为了探讨本发明化合物对骨骼肌损伤再生修复过程中的骨骼肌干细胞的影响,注射CTX的同时向右腿胫骨前肌注射20微升本发明化合物1(50mM,溶于PBS中),左腿注射PBS作为对照组。在肌肉损伤3天后,断颈处死小鼠,处死小鼠前两个小时前每只小鼠腹腔注射200微克BrdU(sigma,B5002),剥离整块胫骨前肌,将其放入盛有包埋剂(樱花,4583)的模具中,模具浸入液氮使其凝固,用全自动切片机(Leica CM3050)将包埋块切片至10微米厚,将薄的切片贴至载玻片上,制作成冰冻切片。进行BrdU、MyoD双免疫荧光染色。BrdU染色过程一抗使用BrdU抗体(abcam)以1:500溶于4%BSA(4%BSA为将0.4克BSA(经科宏达)溶于10毫升PBS中)中二抗(山羊抗大鼠IgG,西雅金桥,FZ-4104)以1:250溶于4%BSA中。MyoD染色过程中一抗使用MyoD抗体(Santa Cruz)以1:50溶于4%BSA(4%BSA为将0.4克BSA(经科宏达)溶于10毫升PBS中)中,二抗(山羊抗兔IgG,中杉金桥,ZF-0311)以1:250溶于4%BSA中。细胞核染色使用DAPI(Roche,236276)以1:2000溶于PBS中。染色完成后,荧光显微镜(OLYMPUS,Olypums BX 53)20倍目镜拍照成像。照相后利用photoshop软件统计BrdU阳性的细胞的比例。
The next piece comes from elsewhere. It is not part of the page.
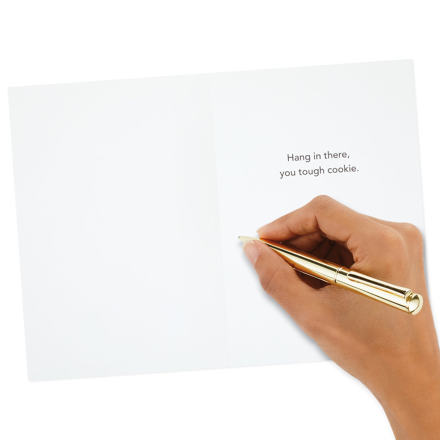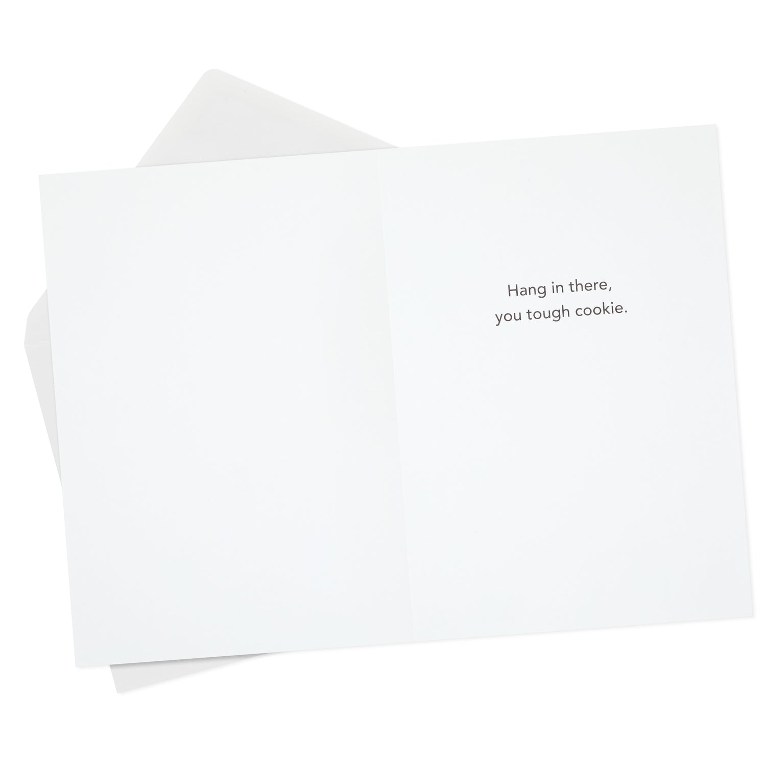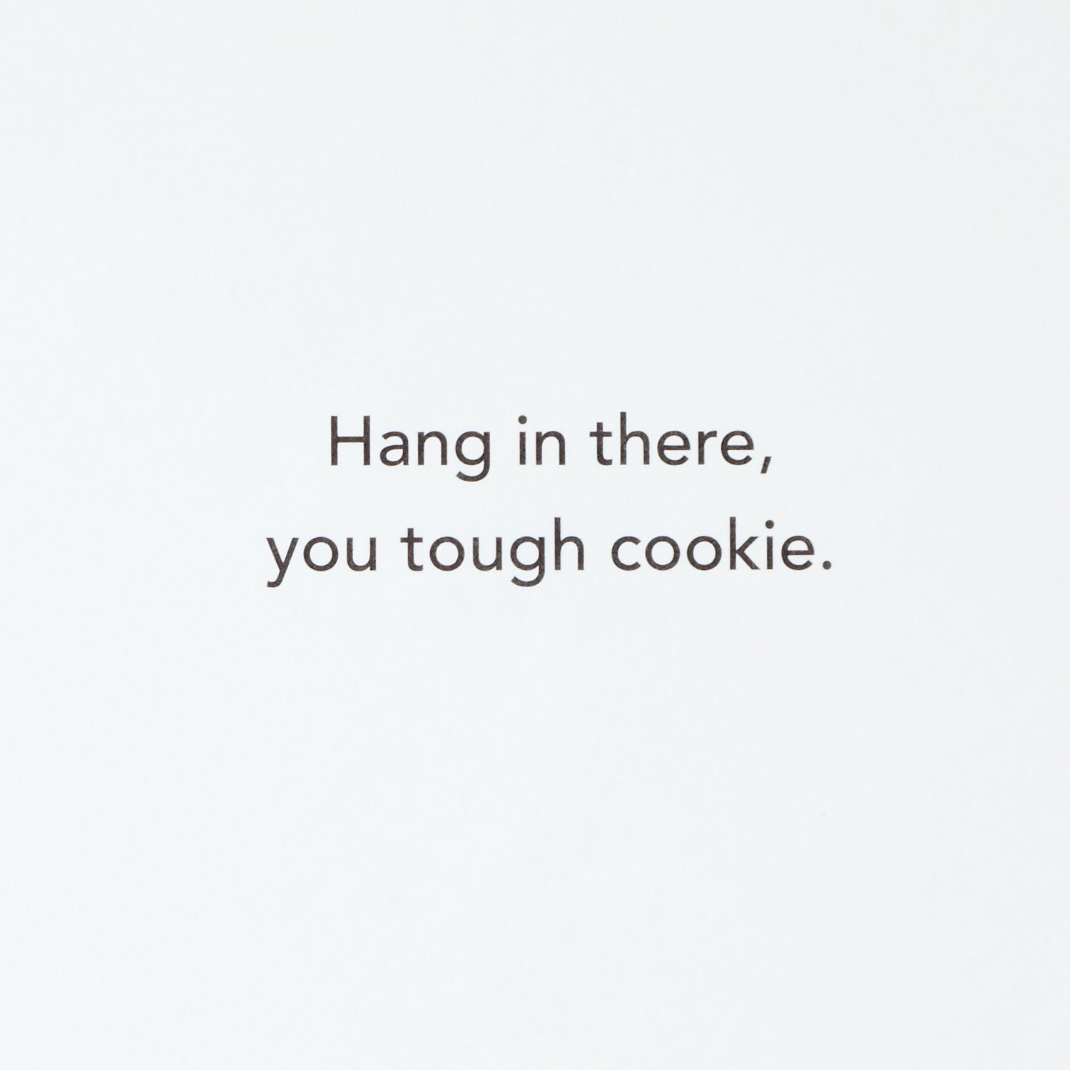 Cover features a stack of chocolate chip cookies on a blue background. Inside reads: "Hang in there, you tough cookie."
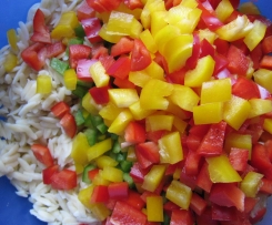 - Alle Zutaten und das Dressing vermischen. Ich lasse von dem Dressing immer erst etwas zurück und gebe evt. später noch etwas hinzu, da die Nudeln noch Flüssigkeit aufsaugen.

Western Blot检测Pax7、MyoD蛋白表达:使用如上肌肉损伤的方法,损伤3.5天后的胫骨前肌取下后液氮快速冷冻,保存于-70℃冰箱。提取蛋白时,将冻存的胫骨前肌肌肉组织从-70℃冰箱取出置于匀浆缓冲液(H2O 917μl,1MTris(PH7.4)50μl,1M DTT 0.5μL,5MNaCl 30μl PMSF(20mg/ml)2.5μl)中,使用匀浆器(IKA,T10 basic)匀浆提取组织中的蛋白质。使用一抗孵育:将特定的一抗抗体(Pax7,DSHB公司,1:15稀释,MyoD Santa Cruz公司,1:50稀释,GAPDH,Sigma公司,1:1000稀释)稀释于5%牛奶(0.5g脱脂奶粉(伊利脱脂牛奶)溶于10ml的PBS中)中,4℃孵育过夜。使用二抗孵育:二抗(Pax7和GAPDH用二抗山羊抗小鼠IgG,MyoD用二抗山羊抗兔,均为1:250倍稀释,购自中杉金桥)使用5%牛奶稀释后室温摇晃孵育1h。显影液使用ECL试剂(GE Healthcare,RPN 2106)A液、B液混合,显色1分钟。观察条带。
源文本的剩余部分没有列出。